This is despite many of his neighbors lined up against the sprawling project saying it will disrupt and destroy historically significant African-American sites.


“Bill” Bienville Jackson says the small community should be rallying around the project.

“We need this. Not for me, but for the younger kids,” Jackson told the Times-Picayune/New Orleans Advocate.  “To bring jobs, industry, stores… It’s not growing over here.”

Residents of the community are divided by the project.

Located along the west bank of the river, the giant grain elevator complex would be a boon to the community where pickings are sparse.

Others opposed the elevators.  They say the region would be choked in grain dust which would have negative effects on the health of the region.

More importantly they say the construction would disturb a graveyard where slaves are buried and their descendants live in the area.

A lawsuit from last year is still moving slowly through the courts to stop the project.

Jo Banner is a founder of the group behind the lawsuit, the Descendants Project.

“These decisions are huge… [The suit is] about protecting our history, our burial grounds and the culture of the area,” Banner says.

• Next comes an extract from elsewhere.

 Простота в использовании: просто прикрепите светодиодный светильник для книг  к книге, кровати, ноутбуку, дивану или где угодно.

The defendant in the suit is Greenfield Holdings.

They’re on defense over the project, saying the modern facility will have a positive effect on Wallace.

Bringing jobs to the region and protecting lives through modern dust traps to ensure lives are not in danger from grain dust.

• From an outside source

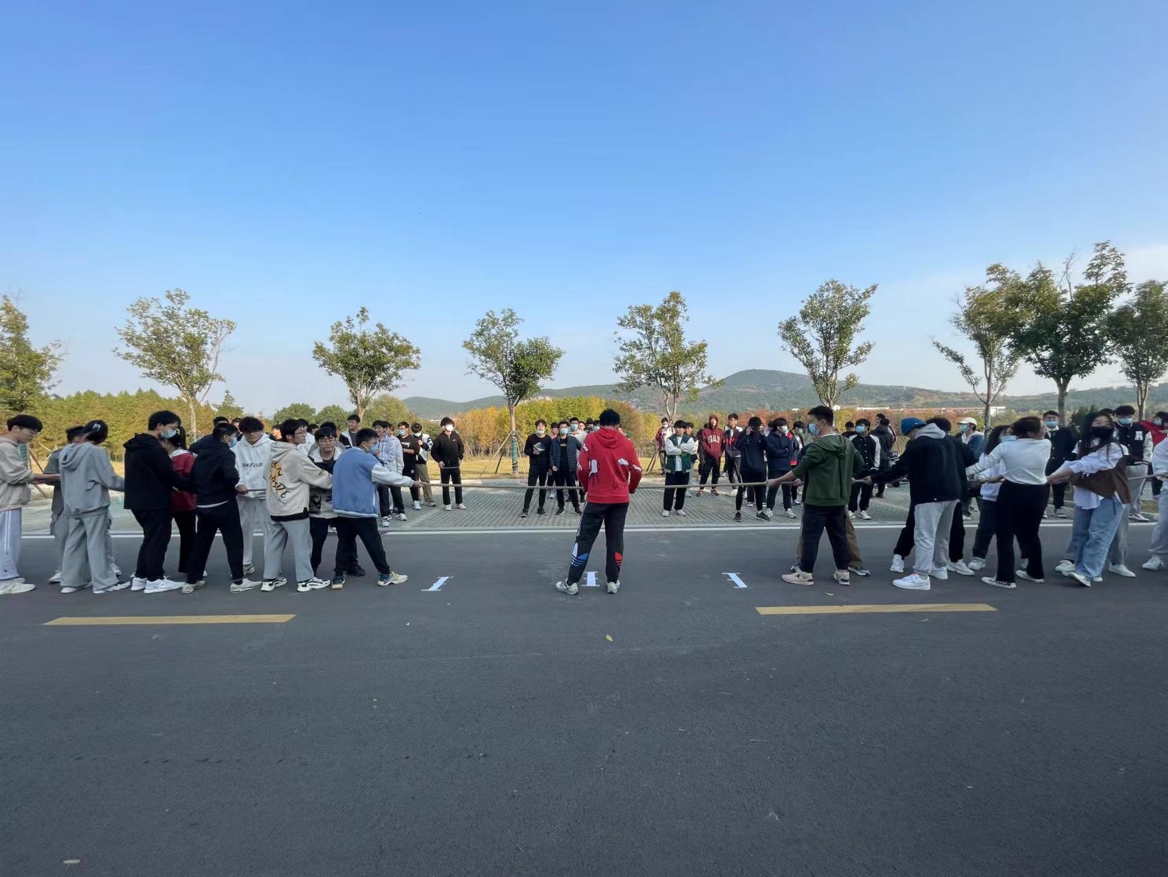 于力行楼东侧马路上举行2021级班级拔河比赛,辅导员刘世通、卢笛与2021级全体学生参加了此次活动。

The elevator would bring a hundred new permanent jobs to the area.  Building the elevator complex will generate 161 jobs and overall 270 new jobs will be created indirectly.

Greenfield is also aiming to launch in-house training programs at River Parishes Community College to help train the workforce.

“In every conversation we have with our neighbors, we’ve heard people’s hopes for a revitalized west bank. Good jobs are part of that, but so are stronger schools for kids, improved local health care for seniors, workforce training for our young people and helping farmers make ends meet,” said Tanisha Marshall the project manager for Greenfield.

So while the two sides fight it out in court, Bienville Jackson worries for his community which he sees as dying.